Policymakers who want to advance neighborhood and school integration need to better understand these choices to design initiatives that influence white families to make more prointegrative choices. Doing so could produce more diverse neighborhoods and schools in the near term and expand white people’s support for more structural reforms to dismantle the separate and unequal system over the long term. But understanding why white people make the choices they do—many of which go against their expressed values—and how to change them will require better evidence.
We suggest four areas for research that could accelerate potential solutions aimed at influencing white people’s choices and dismantling the system of separate and unequal neighborhoods and schools built over generations:
- Measure the long-term impacts for white people of attending integrated schools. Efforts aimed at encouraging white families to choose more diverse neighborhoods and schools would benefit from evidence documenting the circumstances under which integrated schools produce better long-term outcomes for students. New research could take a long-term perspective and examine the kinds of outcomes white parents can expect their children to achieve if they attend integrated schools.

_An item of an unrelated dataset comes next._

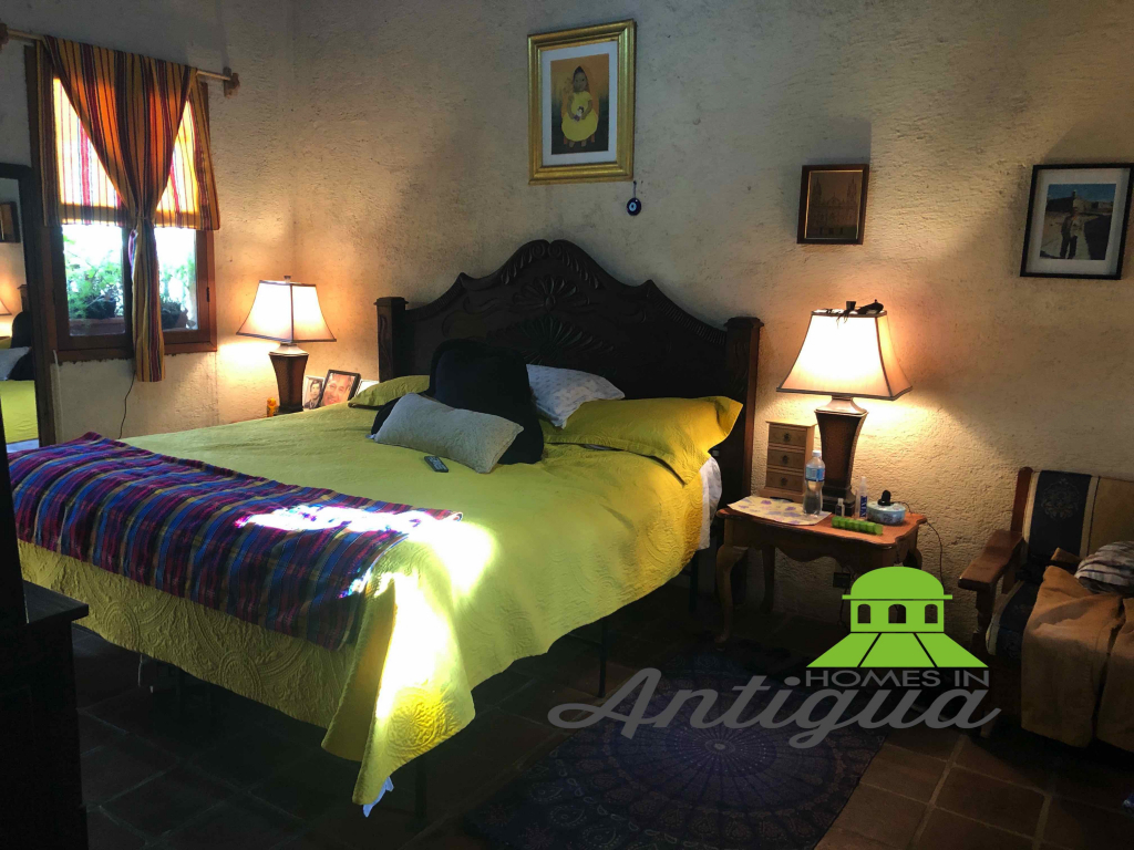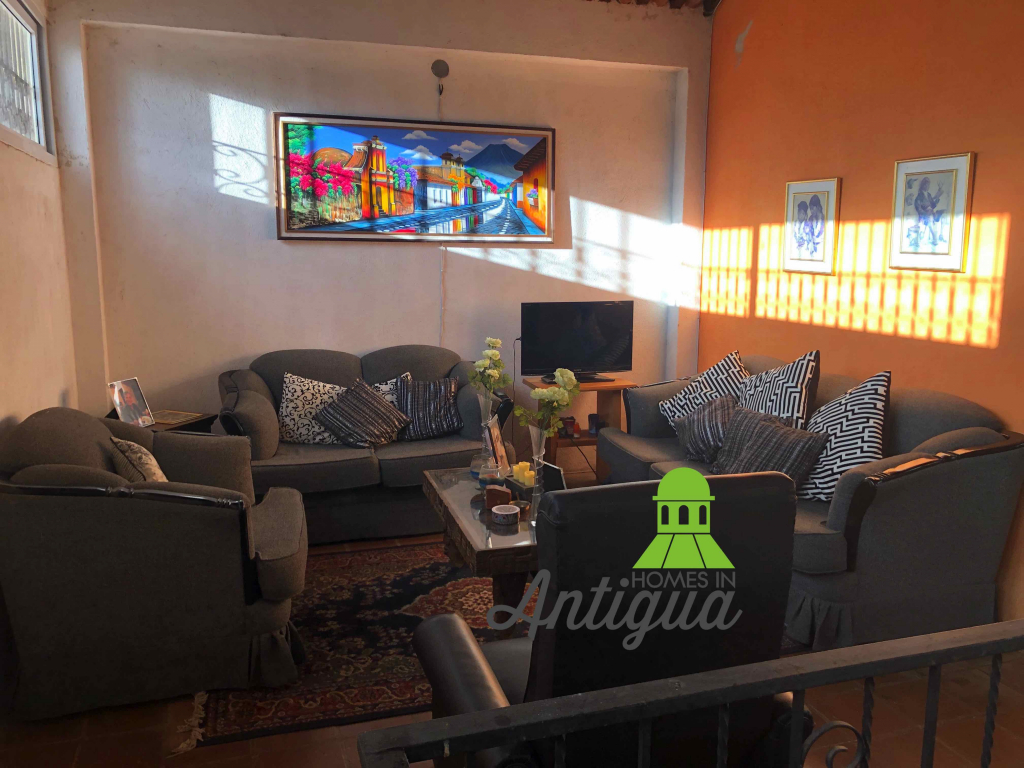 Preciosa casa con diferentes ambientes y diferentes áreas sociales, cuenta con 5 habitaciones, 5.5 baños, sala, comedor, cocina, varias salas distribuidas en toda la casa, parqueo para 2 vehículos, muy bien iluminada a solo pasos del centro de Antigua. Una excelente opción a muy poca distancia del centro de Antigua. La casa viene completamente equipada y cuenta con todos sus servicios. Tiene una terraza en donde podemos disfruta de una vista impresionante a los volcanes.

- Develop better measures of school quality. Encouraging families to choose high-quality diverse schools will require better measures of school quality that are less likely to confound school quality with the effects of structural racism, as many test-based measures currently do. Research could develop more differentiated measures of school quality that provide families with information about how students from their socioeconomic group fare.
- Identify and analyze stable neighborhood and school integration. Local planners and school administrators need to know what actions they could take to expand the supply of stably integrated neighborhoods and schools. A rigorous collection of in-depth case studies focused on census tracts and schools that have achieved and maintained stable integration, particularly the integration of white people with Black people, could help fill this knowledge gap.
- Estimate the potential effectiveness of different mortgage financing incentives. One avenue for promoting integration is enticing homebuyers to consider diverse neighborhoods. But we know little about whether incentives like down payment assistance or below-market interest rates would induce homebuyers to choose neighborhoods in which their race or ethnicity does not predominate. One strategy for filling these knowledge gaps would be to launch a pilot program, testing the effectiveness of alternative incentive packages under different market conditions.
Changing white people’s behavior alone cannot dismantle segregation, but meaningful and sustainable neighborhood and school integration is unlikely to be achieved without changing white people’s choices. Changing white people’s choices could contribute to a larger portfolio of tools for dismantling today’s system of separate and unequal neighborhoods and schools. Filling the knowledge gaps we have identified would be an important step in that direction.